Another project, Motion Bank, is a Web-based project intended to provide “a broad context for research into choreographic practice,” in part by serving as a virtual repository for online dance scores. 7 The form and scope of the score for each dance are uniquely conceived and constructed in collaborations among the creators of the work, theorists, and technicians. It is designed to attract a broad and diverse audience who would interact with its text, animations, and other synchronous “scores” and who, as Forsythe desires, “would eventually understand and, hopefully, champion the innumerable manifestations, old and new, of choreographic thinking.” 8 The possibility of using data to reconstruct or re-substantiate some variation of the original work resides in Synchronous Objects for One Flat Thing, reproduced, the variety of other objects synchronous to a dance that were spawned by that project, and in Motion Bank, but their primary purpose is making available the possibility of entering, analyzing, or experiencing the complex structure and constitutive elements of the work for the first or the nth time.

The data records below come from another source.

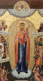 Depicts the Most Holy Mother of God, Joy of All Who Sorrow. Purchased from the Galerie Mikael in Strasbourg in the 1980s.
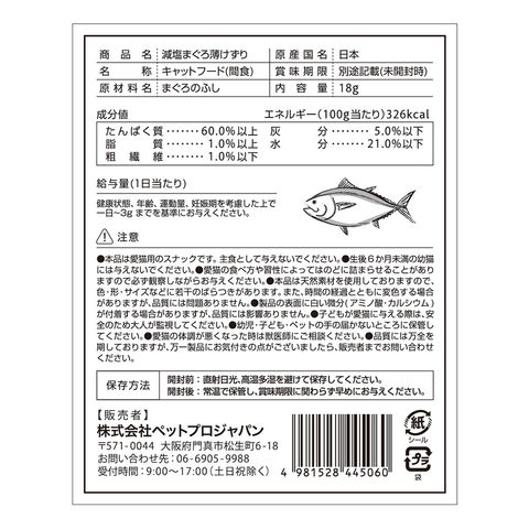 メーカー画像 ペットプロ 減塩まぐろ薄けずり 18g入り 4981528445060 20250711 y25m09 ktym 減塩 まぐろ 鮪 マグロ 魚 フィッシュ 薄けずり 薄い 削り 枕崎産 健康 ねこ 猫 ネコ CAT 愛猫 キャット キャットフード フード ねこフード ネコフード 猫フード 間食 おやつ ふりかけ トッピング ねこ用おやつ 猫用おやつ ネコ用おやつ スナック 削り節 国産 日本産
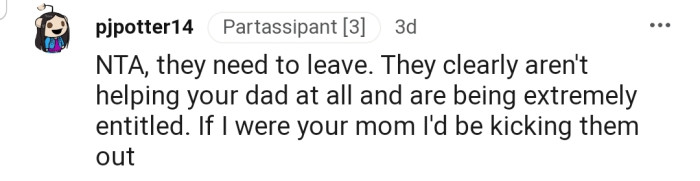 "They clearly aren't helping your dad at all and are being extremely entitled."
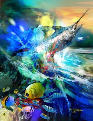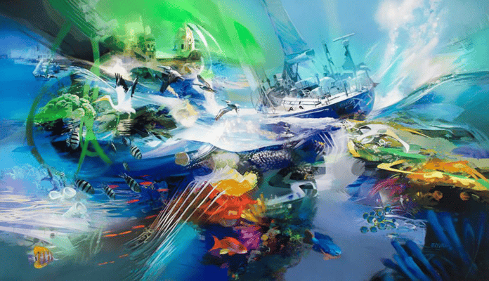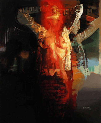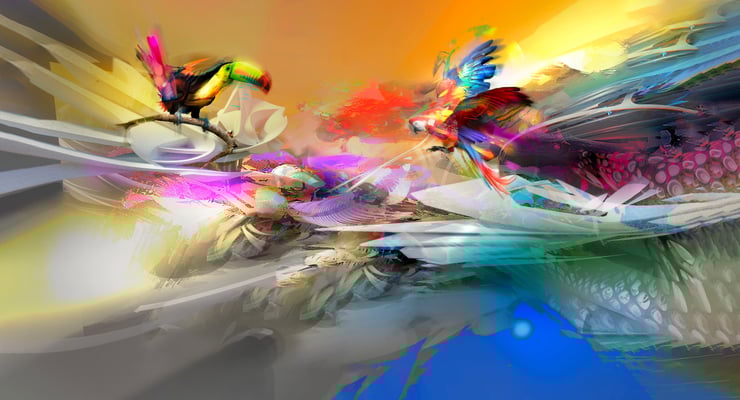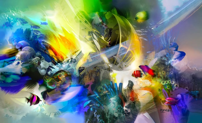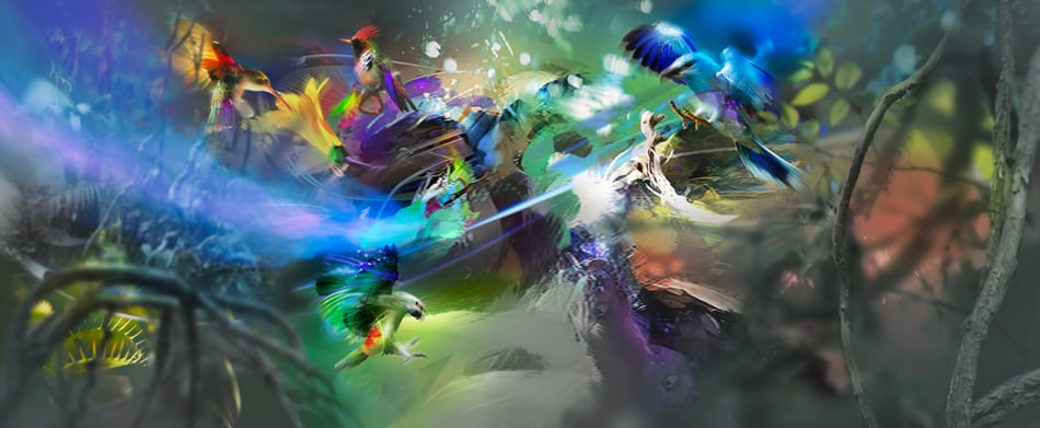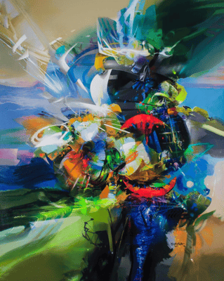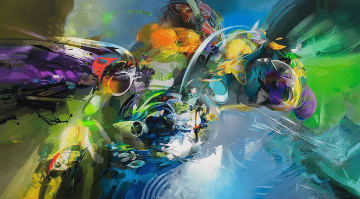 "Se trata de mostrar y reinterpretar lo que más me atrae: el color, así que comienzo a crear composiciones complejas que me permiten contar, dentro de la misma imagen, diferentes sensaciones de color, texturas y formas que cuentan historias, estas historias se leen como producto del resultado de la combinación de lo que se describe en la imagen, sugerido por los pinceles y las manchas de color y por la imaginación del observador. Siempre quiero que, en última instancia, el espectador se sienta sorprendido y encantado con mi trabajo. Cuando ve de cerca y con cuidado uno de mis trabajos, especialmente el trabajo de los últimos años, todas las manchas y pinceladas abstractas son efectos individuales, que en conjunto terminan mostrando una posible imagen, un mundo abstracto que nuestro cerebro, que está acostumbrado a traer todo en una realidad tangible, hace muy creíbles mis espacios, mis personajes y temas que me cautivan, por supuesto, esto exaltado con la magia que nos ofrece 3D".

Forsythe’s investigations have taken him beyond framing virtual or material objects as archives or synchronous counterparts of dance works. He has questioned whether the term “choreography” itself could be extended beyond dance to describe or define other actions or categories of events or objects. This can be seen as both a maneuver to extend the meaning and range of the term “choreography” and, more practically, to enable the extension of his creative processes into other objects—”choreographic objects”—that, distinct from any existing dance, could hold, make visible, and transmit his choreographic impulses, ideas, dynamics, and structures. He asks if it is possible “for choreography to generate autonomous expressions of its principles, a choreographic object, without the body?” Can “physical thinking,” as he calls it, materialize itself in some object other than the body? Elsewhere, he elaborates, suggesting that a defining characteristic of the choreographic object is that “you cannot know the work without motion.” 9 His choreographic objects, which frequently manifest as installations, are not, he argues, substitutes for the body but instead require the body for their “performance.” As with synchronous objects, the choreographed objects are interdependent with the bodied movement of the participants—or, in some cases, the spectators each exert mutual influence on each other while remaining distinct. Choreographic objects could not, as one might argue of synchronous objects, represent an instantiation of a particular choreographed work. But they would count as re-substantiations of the act or process of choreographic or physical thinking or perhaps as acts of choreography in themselves.

1
Forsythe’s rethinking of the term “choreography” and its application can be found in several essays or interviews, among them: William Forsythe, “Choreographic Objects,” Synchronous Objects (April 2009), and Marlon Barrios Solano, “Interview with William Forsythe @ The Hellerau,” Dance-Tech.net (April 7, 2009).
2
Ibid.
3
synchronousobjects.osu.edu
4
Premiere: 2000, Bockenheimer Depot, Frankfurt, Germany; Choreography: William Forsythe; Music: Thom Willems.
5
“Sync Objects Installation in New York City” Synchronous Objects (February 1, 2012).
6
Solano.
7
motionbank.org
8
Solano.
9
“LIVE from the NYPL: William Forsythe & Alva Noë,” NYPL.org (October 9, 2009).